======== TASK INPUTS ========

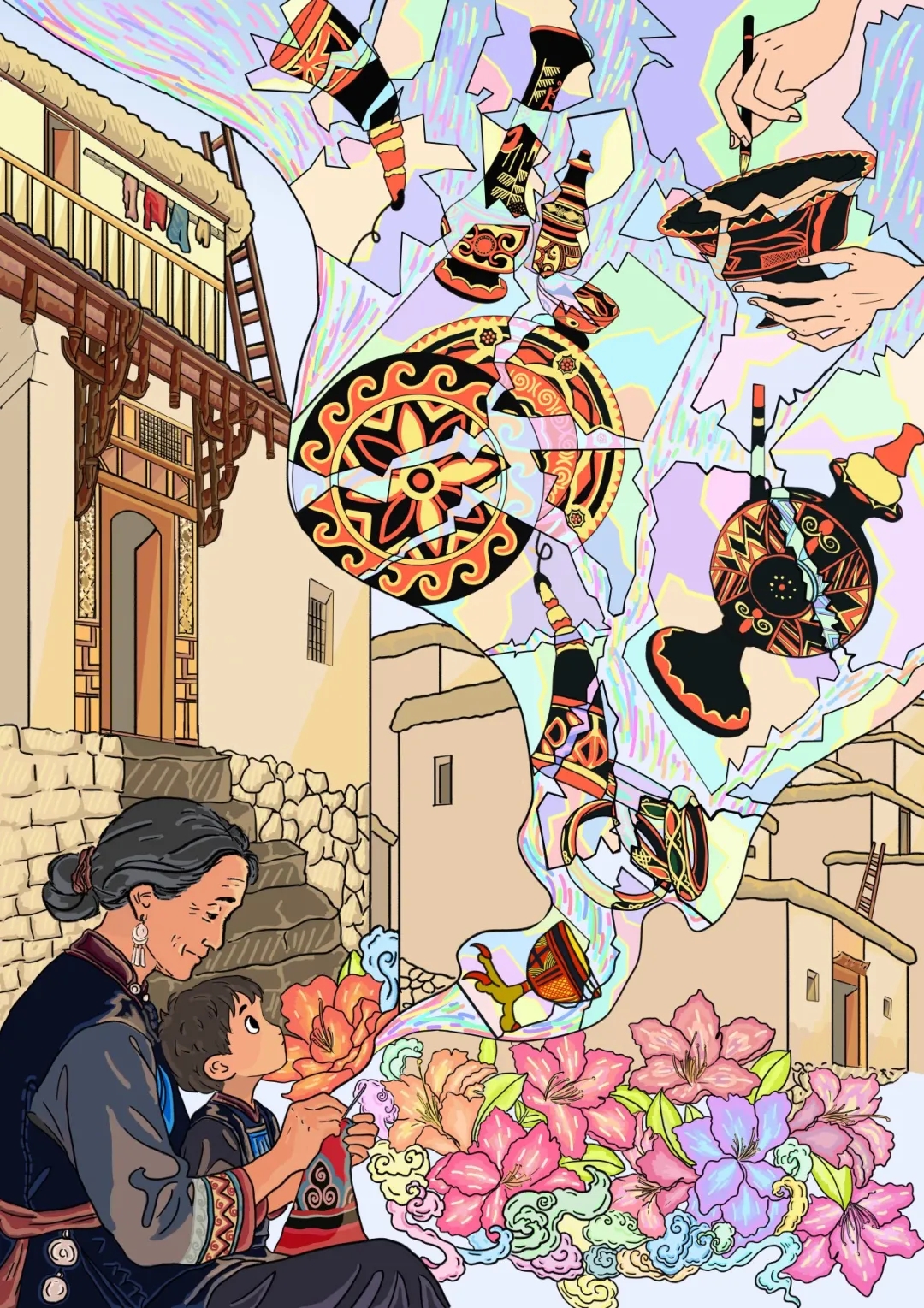 构图上,以写实的彝寨建筑为背景,锚定民族文化的地域根基;前景中奶奶手持彩线教授孩童彝绣的场景,是非遗传承最质朴的具象表达,祖孙间的亲昵互动,传递出传统工艺以“口传心授”方式延续的温暖内核。奶奶指尖的彩线并非单纯的刺绣丝线,而是化作流动的光韵,从针线间蔓延开来,将碎裂的彝族漆器纹样重新拼接、焕活——让“缝补”动作的意象化延伸,也隐喻着传统工艺在当代面临的传承断层困境,以及通过后辈学习、长辈传授的方式,让濒危的非遗技艺重归完整、焕发新生。孩童仰望彩线与漆器纹样的神情,象征着年轻一代对民族文化的好奇与接纳,成为传承链条中最具生命力的一环。整体画面以“具象场景+抽象意象”的结合,将“保护非遗、延续根脉”的主旨具象化,在视觉体验中感知民族传统工艺的珍贵,以及传承的意义与力量。
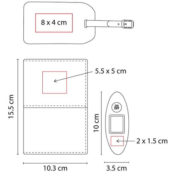 Incluye porta pasaporte, identificador de maleta con papel para datos y báscula con display digital con capacidad máxima de 40 Kg (unidades de peso: Kg y lb)
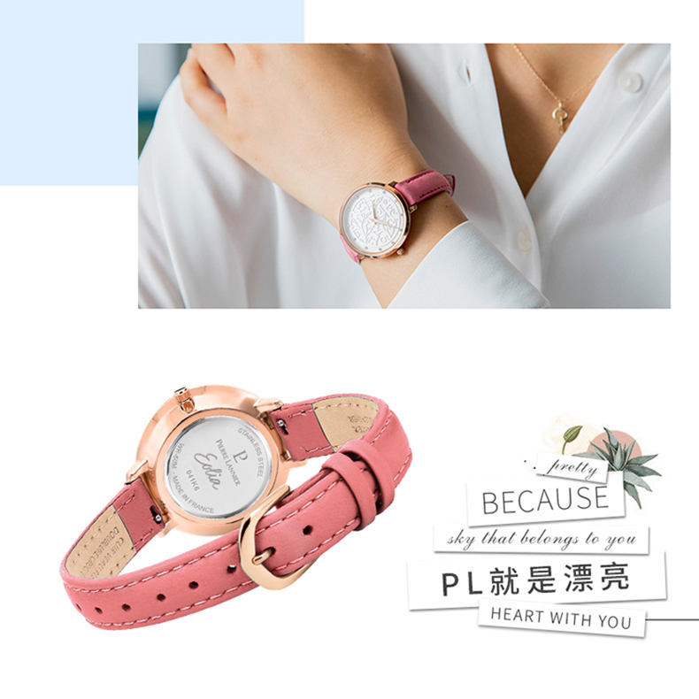 连尼亚(PIERRE LANNIER)法国女士手表 EOLIA浮雕系列 33mm莫奈花园时尚3D立体雕花小众石英女表PL-041K605
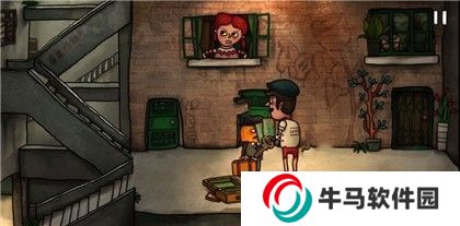 8.往回跑,跑回小雞廣場,往右走,上樓梯看見小情侶吵架,點箱子把明信片拼圖拼好順走(別問怎么拼),下面有個小提示,記下來(養(yǎng)成解密好習慣,看見像提示的就記下來)
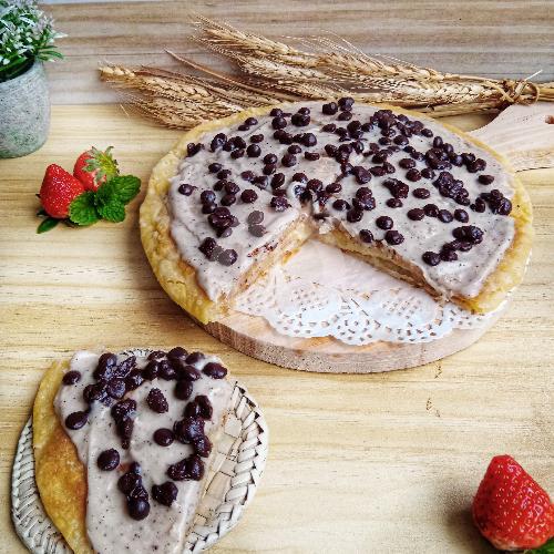 Potato bread dengan isi keju cheddar, kentang yang di haluskan, krim keju dan keju mozzarella. Dengan topping tiramisu

========

*PROBLEM DETAILS:*
Could you reproduce exactly the lines from the first line of the listing through the line containing "8.往回跑,跑回小雞廣場,往", both included, with pictures left out?

*ANSWER SPACE:*
 构图上,以写实的彝寨建筑为背景,锚定民族文化的地域根基;前景中奶奶手持彩线教授孩童彝绣的场景,是非遗传承最质朴的具象表达,祖孙间的亲昵互动,传递出传统工艺以“口传心授”方式延续的温暖内核。奶奶指尖的彩线并非单纯的刺绣丝线,而是化作流动的光韵,从针线间蔓延开来,将碎裂的彝族漆器纹样重新拼接、焕活——让“缝补”动作的意象化延伸,也隐喻着传统工艺在当代面临的传承断层困境,以及通过后辈学习、长辈传授的方式,让濒危的非遗技艺重归完整、焕发新生。孩童仰望彩线与漆器纹样的神情,象征着年轻一代对民族文化的好奇与接纳,成为传承链条中最具生命力的一环。整体画面以“具象场景+抽象意象”的结合,将“保护非遗、延续根脉”的主旨具象化,在视觉体验中感知民族传统工艺的珍贵,以及传承的意义与力量。
 Incluye porta pasaporte, identificador de maleta con papel para datos y báscula con display digital con capacidad máxima de 40 Kg (unidades de peso: Kg y lb)
 连尼亚(PIERRE LANNIER)法国女士手表 EOLIA浮雕系列 33mm莫奈花园时尚3D立体雕花小众石英女表PL-041K605
 8.往回跑,跑回小雞廣場,往右走,上樓梯看見小情侶吵架,點箱子把明信片拼圖拼好順走(別問怎么拼),下面有個小提示,記下來(養(yǎng)成解密好習慣,看見像提示的就記下來)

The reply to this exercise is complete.